Scale efficiencies shared: "Most companies pursue scale efficiencies, but few share them. It's the sharing that makes the model so powerful." Robustness ratio: measuring value passed to customers against value kept for shareholders as a measure of how hard a business would be to compete against. Destination analysis: focusing on a firm's ultimate trajectory rather than short-term metrics. Longevity of compound: recognizing that durable compounding businesses are systematically underpriced because conventional thinking assumes good things do not last. Equity as permanent capital: viewing equity as the only permanent capital in a company's capital structure.

Domain Expertise

Sleep specialized in identifying business models characterized by "scale efficiencies shared," using Costco as the best example.

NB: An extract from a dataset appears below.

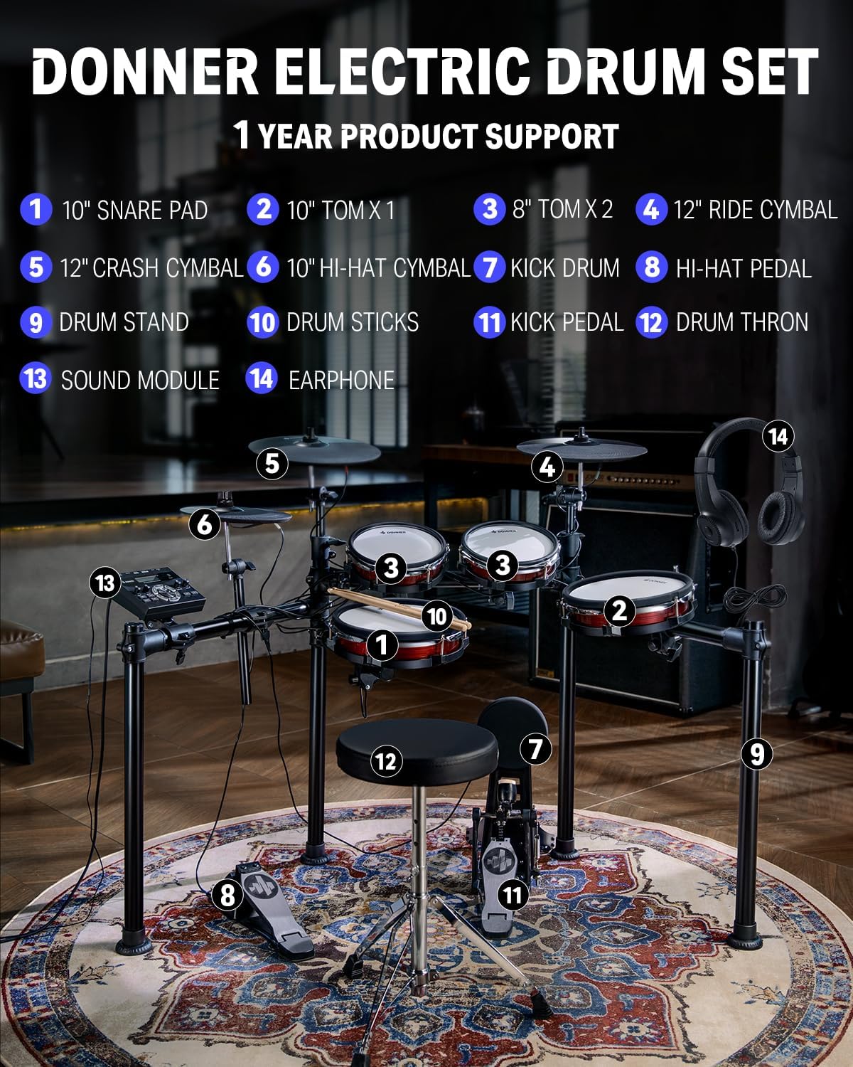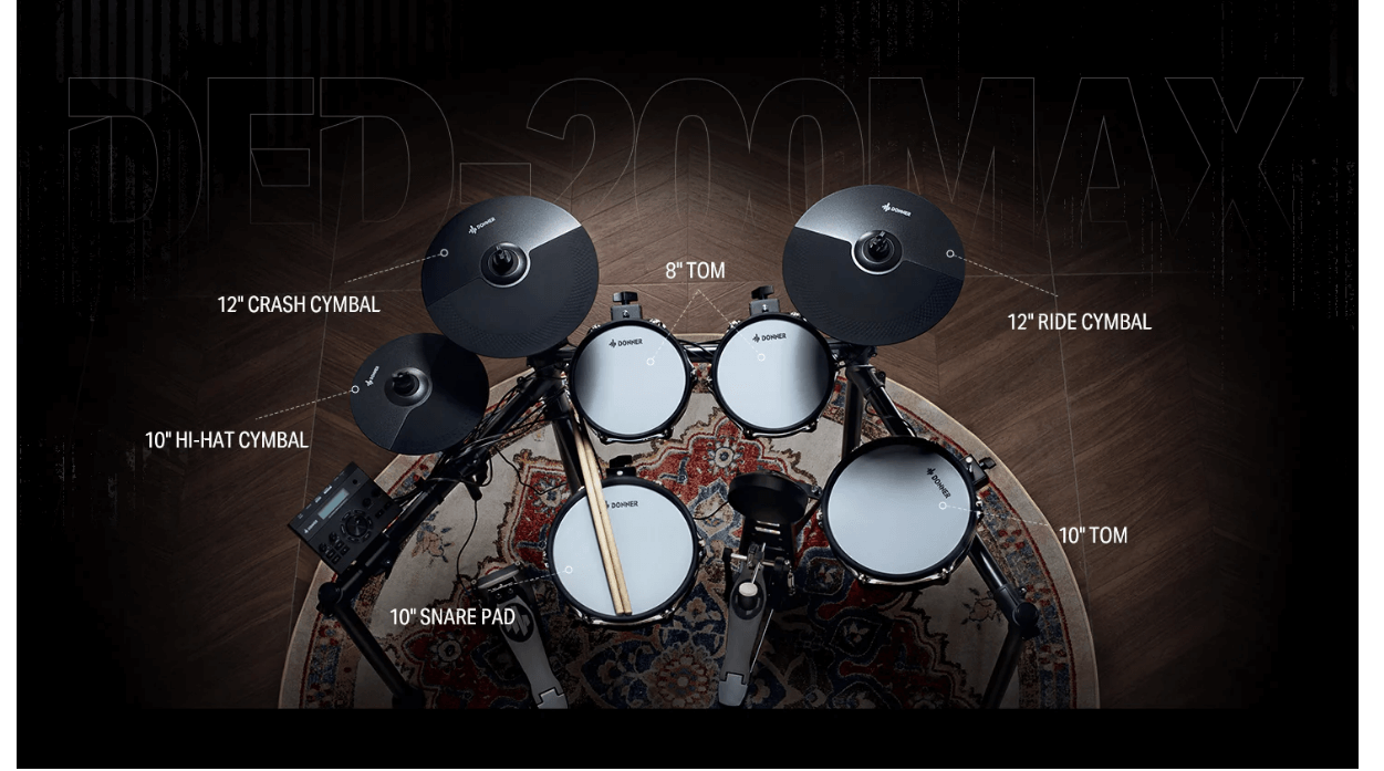 חבילת מערכת תופים אלקטרונית DED-200 MAX + כסא ואוזניות מבית DONNER

He developed the "robustness ratio" — value passed to customers divided by value kept for shareholders — as a measure of how hard a business would be to compete against, estimating that at Costco "the customer saving is around five dollars, compared to shopping at most supermarkets, for every dollar retained by the company." He contrasted this with the investment industry, noting that "fees can be levied regardless of performance – that's not much of a robustness ratio." His destination focus informed specific investment decisions, keeping Nomad out of US banks and continuing to own Amazon.

Communication Style

Sleep makes points by quoting others, citing Charlie Munger on inaction, gardener Charles Jencks that "understanding requires a certain slowing of time. Why else enter a garden? ... There is a lot to be said for gentle contemplation," and H.O. Hirt on rules. He even joked about a "Nomad Inactivity App" to report Nomad's level of inaction in real time.

Contradictions & Edges

Sleep and Zakaria closed Nomad voluntarily in 2014 after delivering roughly 921% over thirteen years, an act described as deciding "they had made enough," which is unusual in asset management. He rejected diversification as a risk management tool, arguing that owning more stocks raises risk rather than lowering it. He embraced inactivity and low capacity, operating with "few investments, held for long periods."

How to Engage

Focus on the destination rather than annual results, asking whether the destination is secure. Sleep suggested that if an investment could turn $1 into $16, "does it matter if it takes 18 years or 22 years?" Return to basic questions and take simple ideas seriously. Avoid rules-based frameworks that substitute for thinking.